Segment Open
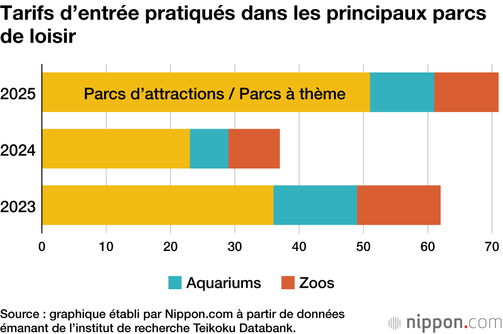 Selon une étude menée par l’institut de recherche Teikoku Databank, 71 des 190 parcs de loisirs majeurs, soit 37,4 % d’entre eux, ont revu à la hausse leurs tarifs d’entrée. Il s’agit notamment des parcs d’attractions, des parcs à thème, des aquariums et des zoos. Près de deux fois plus d’installations ont augmenté leurs prix par rapport à 2024. À noter que 51 des 100 parcs d’attractions et à thème que compte l’Archipel ont ainsi revu à la hausse la carte de leurs prix.
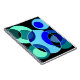 Padrão abstrato, colorido e geométrico, vários tons de círculos de interseção verdes e azuis sobre fundo preto
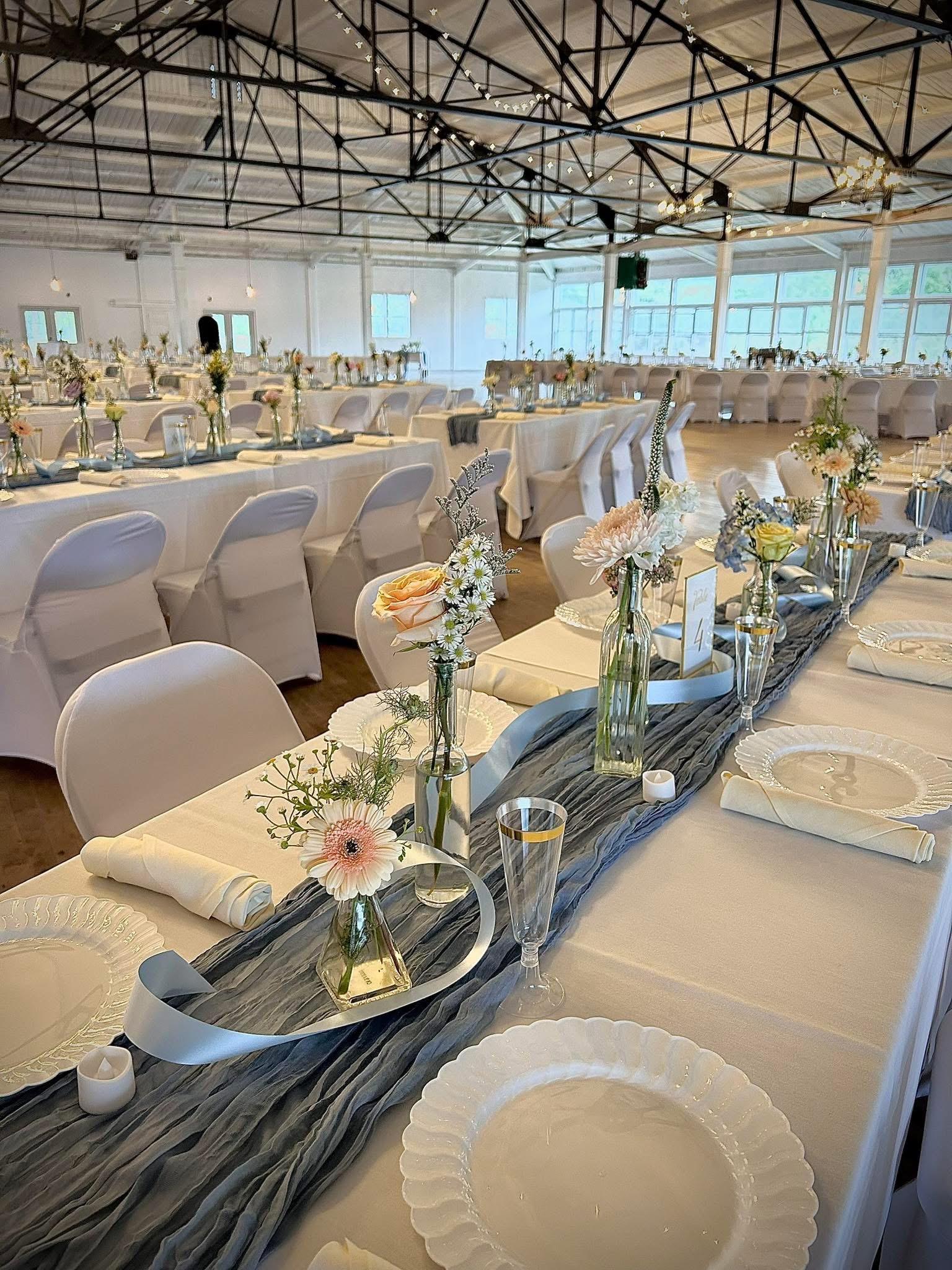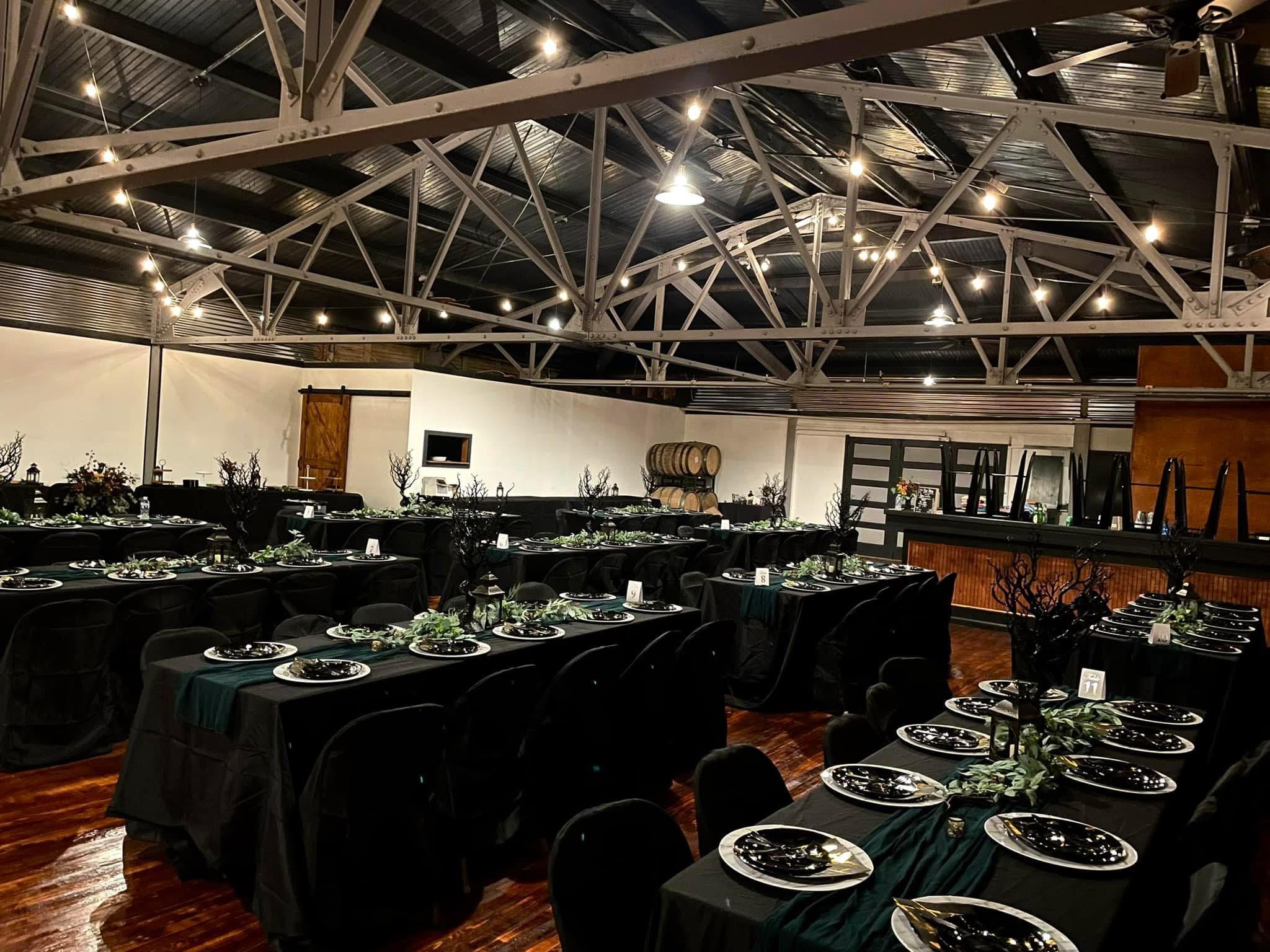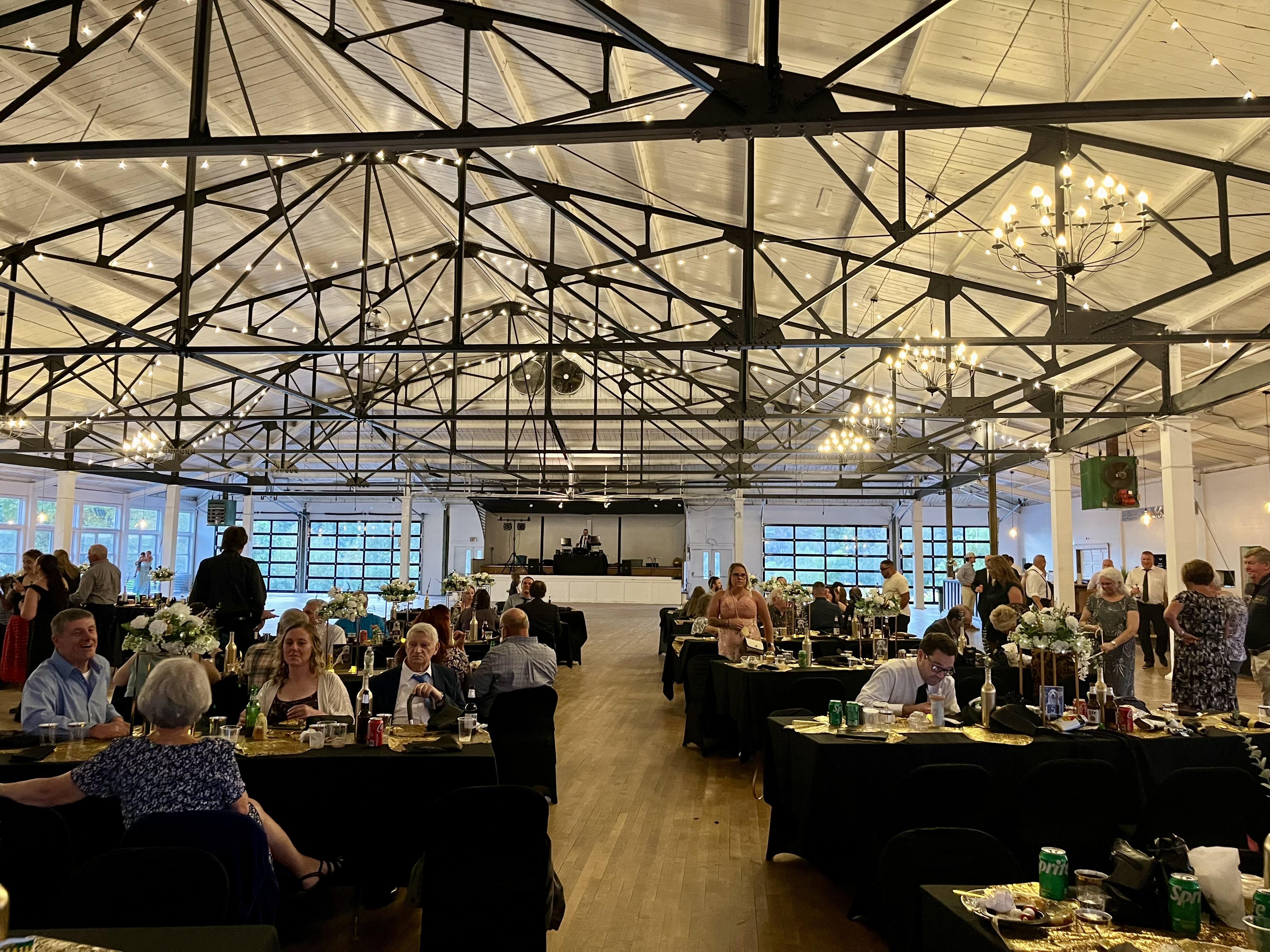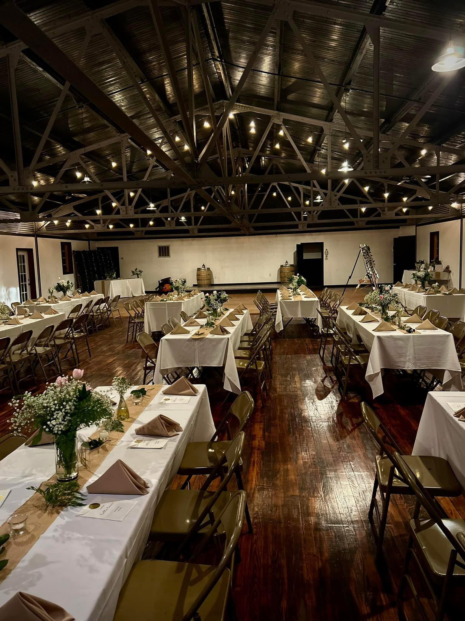 Host your celebration in our beautifully renovated 6,000 square foot ballroom, featuring soaring ceilings, exposed steel beams, warm hardwood floors, and ambient string lighting. With seating capacity for up to 140 guests, the space is perfect for weddings, banquets, and special events of all kinds. The open floor plan allows for flexible layouts, while the industrial-chic design provides a stunning backdrop for both elegant and modern themes.
Segment Closed
## EXERCISE REQUIREMENTS
Output the whole listing without change. Any picture is to be left out.

## YOUR RESPONSE
 Selon une étude menée par l’institut de recherche Teikoku Databank, 71 des 190 parcs de loisirs majeurs, soit 37,4 % d’entre eux, ont revu à la hausse leurs tarifs d’entrée. Il s’agit notamment des parcs d’attractions, des parcs à thème, des aquariums et des zoos. Près de deux fois plus d’installations ont augmenté leurs prix par rapport à 2024. À noter que 51 des 100 parcs d’attractions et à thème que compte l’Archipel ont ainsi revu à la hausse la carte de leurs prix.
 Padrão abstrato, colorido e geométrico, vários tons de círculos de interseção verdes e azuis sobre fundo preto
 Host your celebration in our beautifully renovated 6,000 square foot ballroom, featuring soaring ceilings, exposed steel beams, warm hardwood floors, and ambient string lighting. With seating capacity for up to 140 guests, the space is perfect for weddings, banquets, and special events of all kinds. The open floor plan allows for flexible layouts, while the industrial-chic design provides a stunning backdrop for both elegant and modern themes.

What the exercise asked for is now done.